A substantial trade deal that could cushion the initial negative economic impact of stepping out of the EU internal market has always been in the UK’s interest. The trade minister, Liz Truss, hopes to replace the enormous trade opportunities that the UK will lose in Europe with trade deals around the Pacific. She is already failing on that front. Last week she signed a deal with Japan that only offers to the UK the agriculture quotas left over by the EU-Japan agreement.

Liz Truss’s strategy is absurdly based on replacing trade with the EU with trade with Chile, Singapore, Vietnam, Australia, Brunei, Malaysia, Canada, Mexico, Japan, New Zealand and Peru. One does not need to be a trade expert — she isn’t — to realise that no matter how much UK trade might increase with the countries of the “Comprehensive and Progressive Agreement for Trans Pacific Partnership” that she wants to join, the trade revenue that this could generate will not come close to what the UK has today with the EU. Following in the footsteps of Liam Fox, Truss is the second Brexiteer trade minister to ignore basic geography: the UK is in the Atlantic, not in the Pacific.

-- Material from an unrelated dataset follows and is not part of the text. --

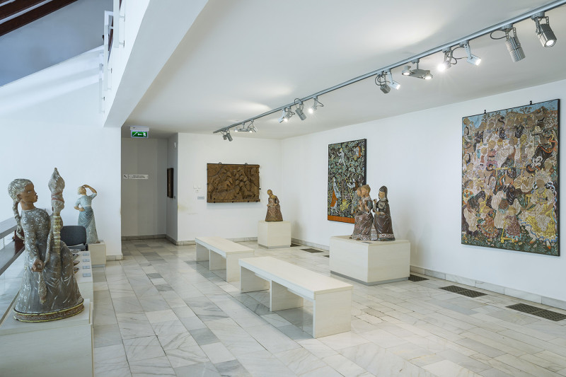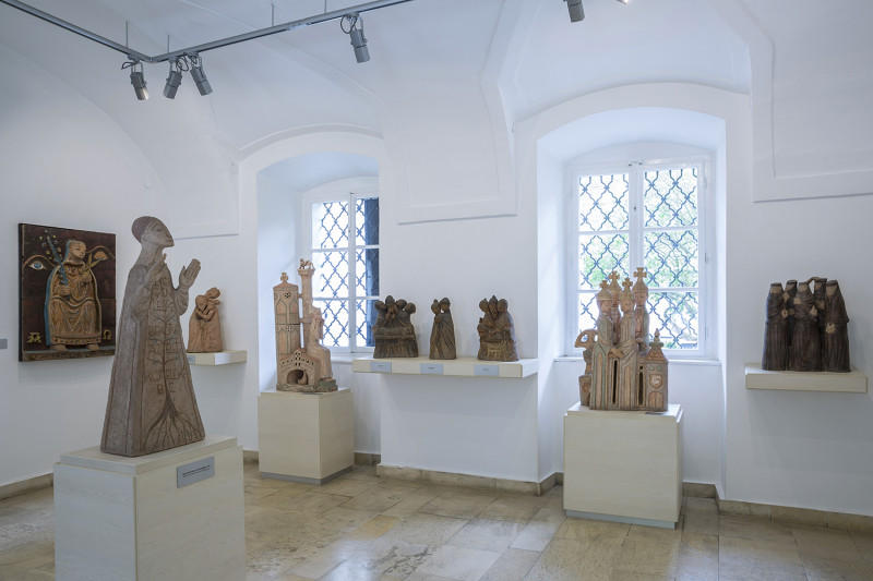 A múzeum első és második termében a művész kisebb vázlatait, munkásságának kezdeti éveit ismerhetjük meg. A harmadik teremben az 1950-es évek munkái, a negyedik teremben pedig az érett korszak művei kapnak helyet. A régi épület boltíves, szakrális teret idéző pincéjében (mely Kovács Margit kívánságára a kezdetektől a kápolnák hangulatát idézi) a keresztény ikonográfia hagyományait követő műtárgyak kaptak helyet. Az új szárny emeleti galériáján a művész Pozsonyi úti lakását felidéző enteriőr látható, a Görög utcai fronton Kovács Margit művészetének utolsó korszaka követhető végig.

The EU’s interests in these negotiations have significantly changed over time. It would be better for the EU to have a good deal with the UK, rather than not having one at all. But with a French presidential election on the horizon, the overriding priority for the EU right now should be to ensure that Macron gets all he needs from the Brexit negotiations to enable him to defeat Le Pen in 18 months’ time. The EU cannot weaken Macron’s electoral hand as the very survival of the EU depends on that election. Frustrating French fishermen because of a bad agreement on fishing rights, or French businesspeople because of a suboptimal deal on state aid, would just not be worth it for the EU. Seeing a long-term partner such as the UK leaving the EU without a deal would be bad — but risking France’s commitment to the EU would be much worse.

There is another factor that will affect the Brexit negotiations, much more than the discussions between the two principal parties: the result of the US election on 3 November. With many world powers willing on the break-up of the EU, the European Union will find it difficult to survive four more years of a Trump administration. But if Biden wins, the EU will get some respite. The fight for democracy and the rule of law have been trademarks of Biden’s political trajectory and the EU is the natural ally for Biden on that front.

Listening to Democrats in the US, it is clear that relations between Trumpist Boris Johnson and a Biden administration would be a struggle. The two men have different political ideologies, very different interests, and diametrically opposed characters. If Biden wins the presidency on 3 November, Boris Johnson will find himself on the wrong side of the next chapter of US-EU history.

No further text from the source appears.